• [DATA PROVIDED]:
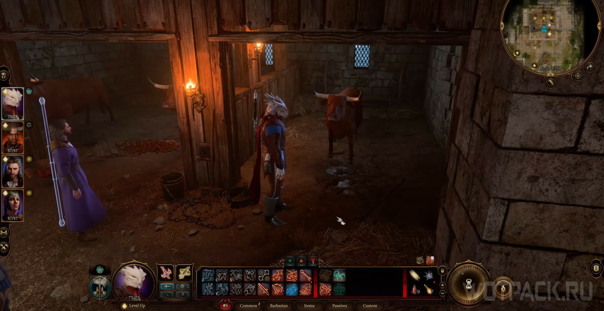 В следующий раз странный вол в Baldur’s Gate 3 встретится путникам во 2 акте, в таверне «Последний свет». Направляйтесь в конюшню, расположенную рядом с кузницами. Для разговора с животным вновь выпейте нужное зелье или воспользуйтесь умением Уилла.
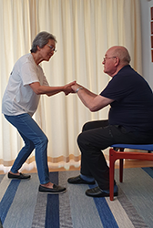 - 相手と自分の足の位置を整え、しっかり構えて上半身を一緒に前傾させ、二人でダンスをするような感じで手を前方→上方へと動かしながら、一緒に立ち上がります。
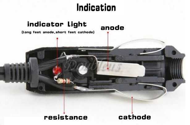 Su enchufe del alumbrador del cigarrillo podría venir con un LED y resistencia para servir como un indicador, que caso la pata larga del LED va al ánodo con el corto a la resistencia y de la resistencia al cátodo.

• [YOUR GOAL]: Transcribe, without alteration, each line from the one with "- 相手と自分の足の位置を整" through the last line of the data; no pictures belong in the copy.

• [RESPONSE TO THE EXERCISE]:
 - 相手と自分の足の位置を整え、しっかり構えて上半身を一緒に前傾させ、二人でダンスをするような感じで手を前方→上方へと動かしながら、一緒に立ち上がります。
 Su enchufe del alumbrador del cigarrillo podría venir con un LED y resistencia para servir como un indicador, que caso la pata larga del LED va al ánodo con el corto a la resistencia y de la resistencia al cátodo.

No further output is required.